• Problem statement
Could you write out the listing below exactly as it stands, leaving out the pictures?

• Data excerpt
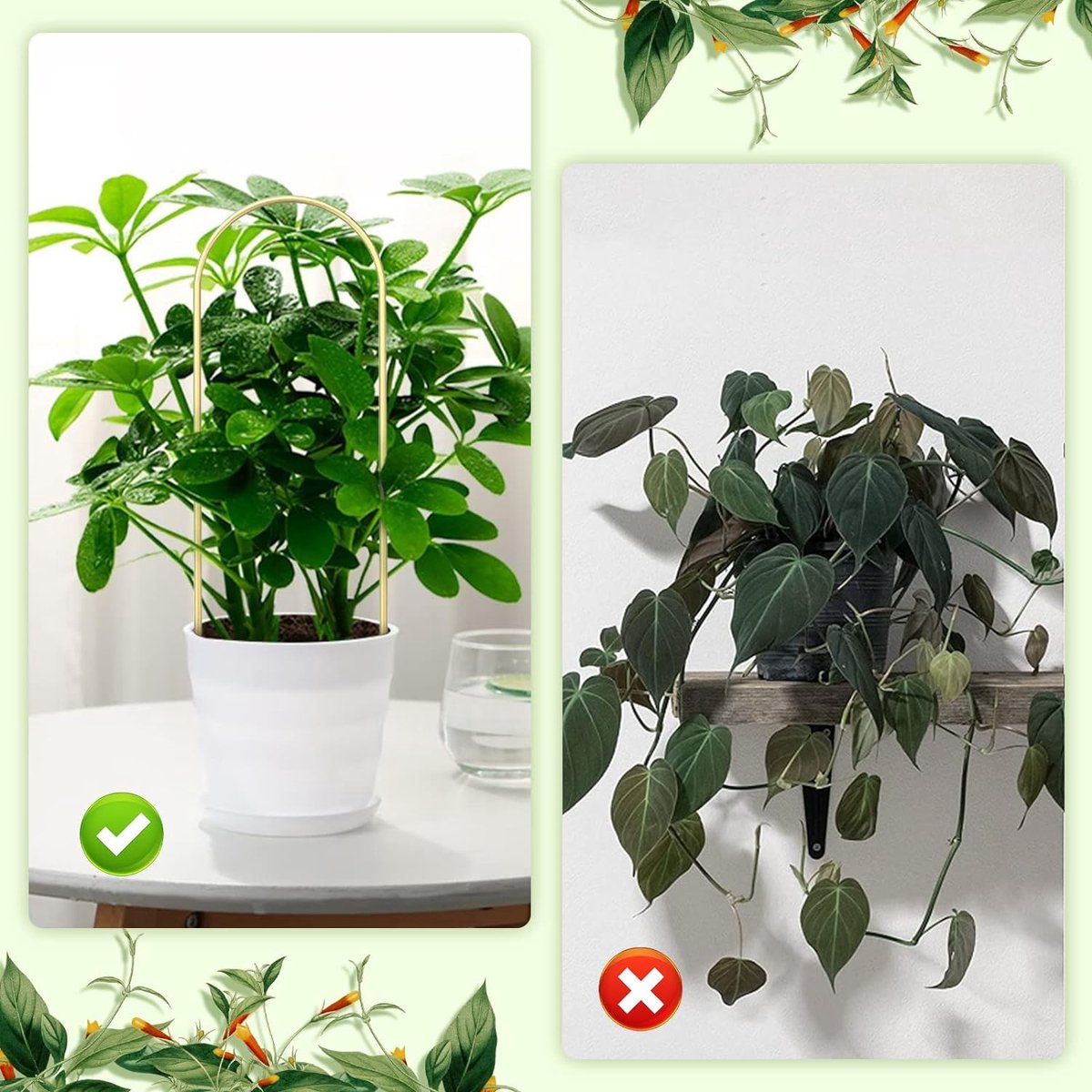 Lot de 4 supports de tige pour plantes d'intérieur grimpantes Support Pour Plante Grimpante Support Pour Tige De Plante BOXOB 12pcs Supports Pour Tiges De Plantes, 4 Tailles Crochets Support Plantes Interieur Accessoire Jardinage Insérez simplement la tige de la plante et fixez les crochets pour garder vos plantes debout et stables à mesure qu'elles se développent. En raison de la différence entre les différents moniteurs, il peut y avoir une légère différence de couleur. Matériel premium: nos supports de tige de plante sont faits d'un excellent acrylique, ce qui les rend difficiles, fiables et légers, pas faciles à plier ou à déformer, peut fonctionner pendant longtemps. Contenu de l'emballage : vous recevrez 4 supports de tige de plantes en 2 tailles, aidant à guider et stabiliser la croissance des plantes et à favoriser le développement normal de la structure Fits pour diverses plantes: nos supports de tige végétale sont polyvalents et adaptés à un large éventail de plantes, comme les fleurs, le lierre, les roses, les gloires du matin, les vignes, les pothos, le jasmin et plus encore. 4 pièces Tuteurs pour Plantes grimpantes de 40CM, Tiges de Fibre Coco... Facile à utiliser: ces supports de plante sont livrés avec six crochets faciles à utiliser, chaque support avec un trou central pour insérer des tiges de support. Veuillez vérifier attentivement les tailles avant votre commande.
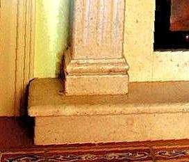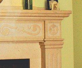 Rivestimento per caldaia su misura in pietra di Trani scalpellata e levigata con colonne scanalate e disegni a rilievo
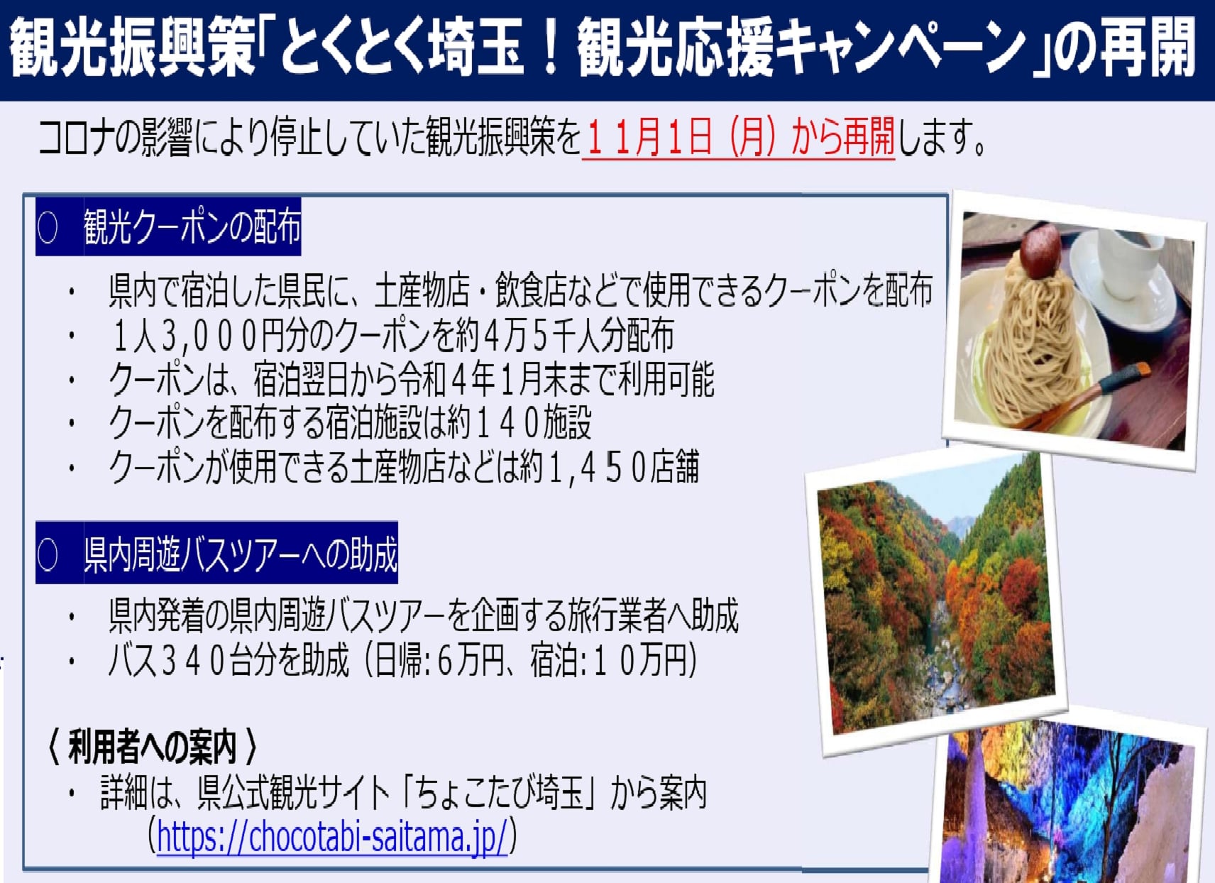 観光振興策『とくとく埼玉!観光応援キャンペーン』再開 11月1日~
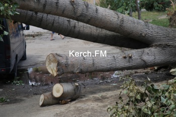 В Керчи 11 сентября в городе убирают последствия шторма, который повалил деревья и билборды. На улице Горького рабочие магазина пытаются самостоятельно спилить дерево, которое упало на магазин, - передает Керчь.ФМ

• Task output
 Lot de 4 supports de tige pour plantes d'intérieur grimpantes Support Pour Plante Grimpante Support Pour Tige De Plante BOXOB 12pcs Supports Pour Tiges De Plantes, 4 Tailles Crochets Support Plantes Interieur Accessoire Jardinage Insérez simplement la tige de la plante et fixez les crochets pour garder vos plantes debout et stables à mesure qu'elles se développent. En raison de la différence entre les différents moniteurs, il peut y avoir une légère différence de couleur. Matériel premium: nos supports de tige de plante sont faits d'un excellent acrylique, ce qui les rend difficiles, fiables et légers, pas faciles à plier ou à déformer, peut fonctionner pendant longtemps. Contenu de l'emballage : vous recevrez 4 supports de tige de plantes en 2 tailles, aidant à guider et stabiliser la croissance des plantes et à favoriser le développement normal de la structure Fits pour diverses plantes: nos supports de tige végétale sont polyvalents et adaptés à un large éventail de plantes, comme les fleurs, le lierre, les roses, les gloires du matin, les vignes, les pothos, le jasmin et plus encore. 4 pièces Tuteurs pour Plantes grimpantes de 40CM, Tiges de Fibre Coco... Facile à utiliser: ces supports de plante sont livrés avec six crochets faciles à utiliser, chaque support avec un trou central pour insérer des tiges de support. Veuillez vérifier attentivement les tailles avant votre commande.
 Rivestimento per caldaia su misura in pietra di Trani scalpellata e levigata con colonne scanalate e disegni a rilievo
 観光振興策『とくとく埼玉!観光応援キャンペーン』再開 11月1日~
 В Керчи 11 сентября в городе убирают последствия шторма, который повалил деревья и билборды. На улице Горького рабочие магазина пытаются самостоятельно спилить дерево, которое упало на магазин, - передает Керчь.ФМ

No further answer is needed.